| What to do |
Begin at the line that has "The H2C's 65", stop after the line that has "ข้อมูลพื้นที่ร", and print exactly those lines from the records below, without any pictures.

| Source material |
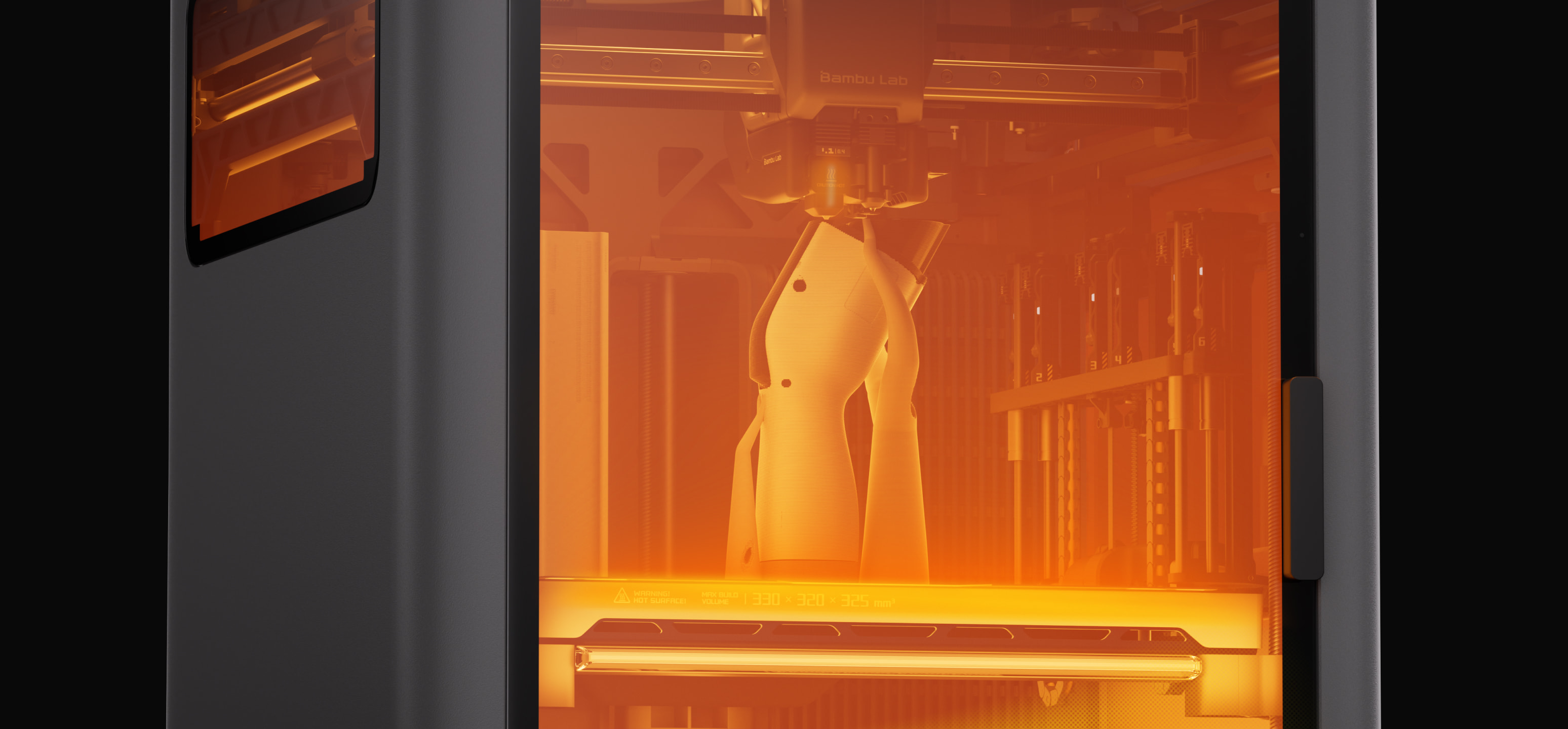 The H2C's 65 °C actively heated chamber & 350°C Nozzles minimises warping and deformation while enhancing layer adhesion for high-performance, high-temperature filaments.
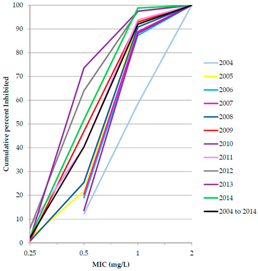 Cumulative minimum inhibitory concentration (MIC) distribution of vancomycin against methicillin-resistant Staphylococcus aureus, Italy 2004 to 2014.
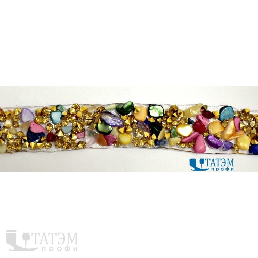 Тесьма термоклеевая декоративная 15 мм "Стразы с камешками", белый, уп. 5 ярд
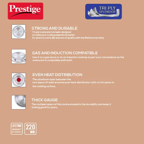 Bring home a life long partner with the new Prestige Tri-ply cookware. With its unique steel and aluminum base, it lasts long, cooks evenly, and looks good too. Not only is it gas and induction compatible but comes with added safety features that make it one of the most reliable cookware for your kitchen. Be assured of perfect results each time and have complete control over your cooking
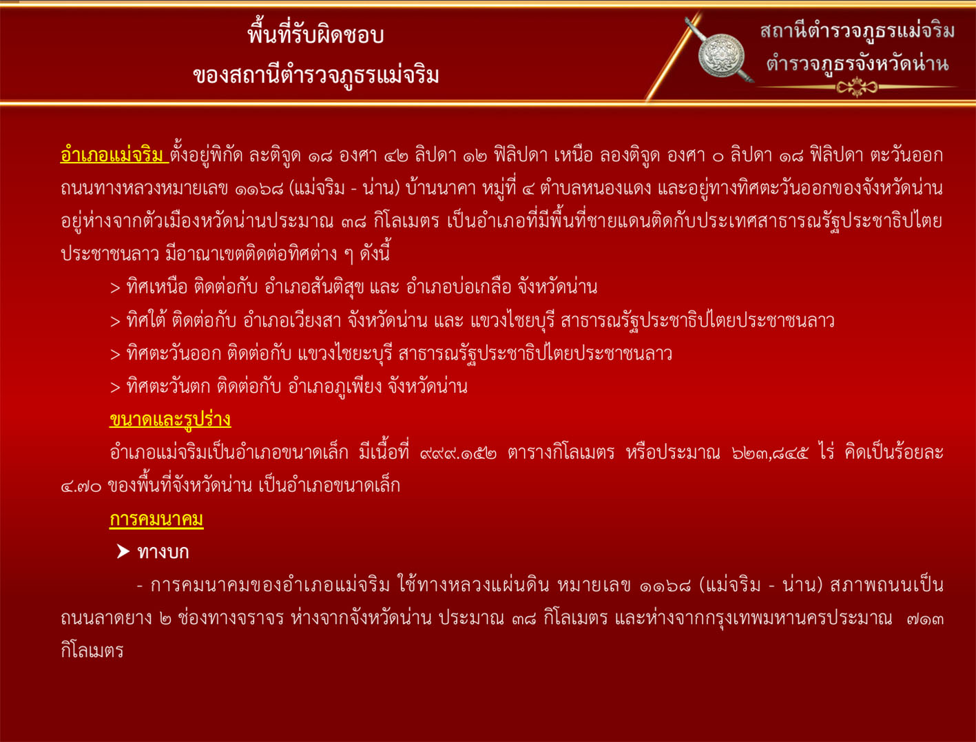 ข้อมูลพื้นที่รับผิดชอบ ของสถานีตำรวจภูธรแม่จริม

--

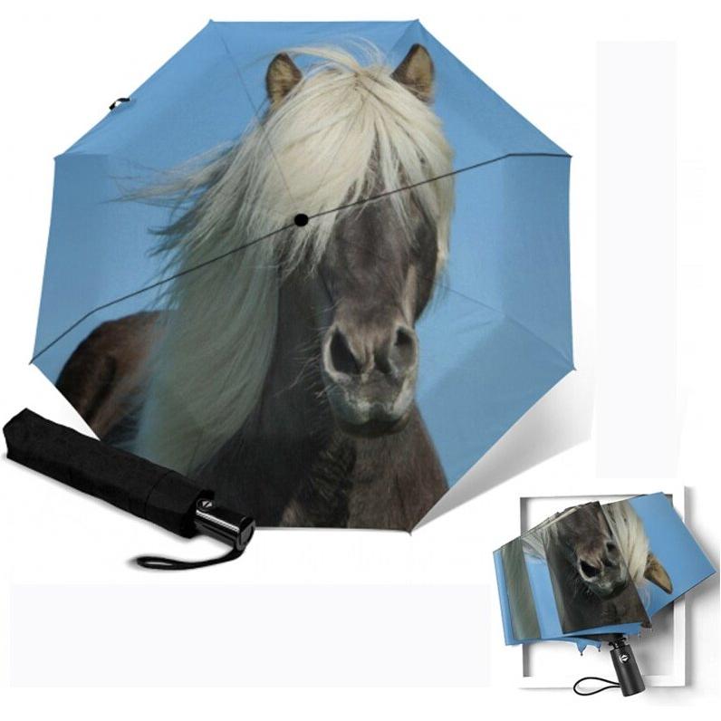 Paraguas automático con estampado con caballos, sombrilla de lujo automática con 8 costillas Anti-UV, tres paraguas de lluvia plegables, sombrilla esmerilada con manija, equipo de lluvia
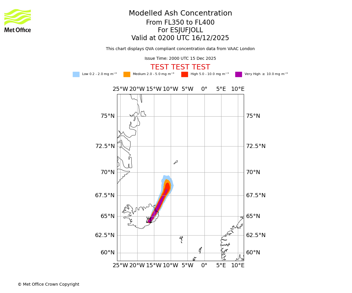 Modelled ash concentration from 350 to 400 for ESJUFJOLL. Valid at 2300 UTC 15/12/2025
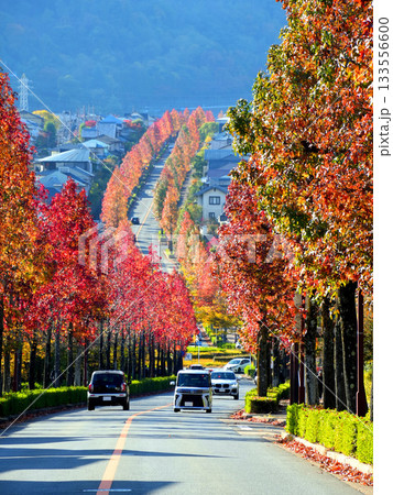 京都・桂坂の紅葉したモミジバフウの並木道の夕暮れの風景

| Solution for this exercise |
 The H2C's 65 °C actively heated chamber & 350°C Nozzles minimises warping and deformation while enhancing layer adhesion for high-performance, high-temperature filaments.
 Cumulative minimum inhibitory concentration (MIC) distribution of vancomycin against methicillin-resistant Staphylococcus aureus, Italy 2004 to 2014.
 Тесьма термоклеевая декоративная 15 мм "Стразы с камешками", белый, уп. 5 ярд
 Bring home a life long partner with the new Prestige Tri-ply cookware. With its unique steel and aluminum base, it lasts long, cooks evenly, and looks good too. Not only is it gas and induction compatible but comes with added safety features that make it one of the most reliable cookware for your kitchen. Be assured of perfect results each time and have complete control over your cooking
 ข้อมูลพื้นที่รับผิดชอบ ของสถานีตำรวจภูธรแม่จริม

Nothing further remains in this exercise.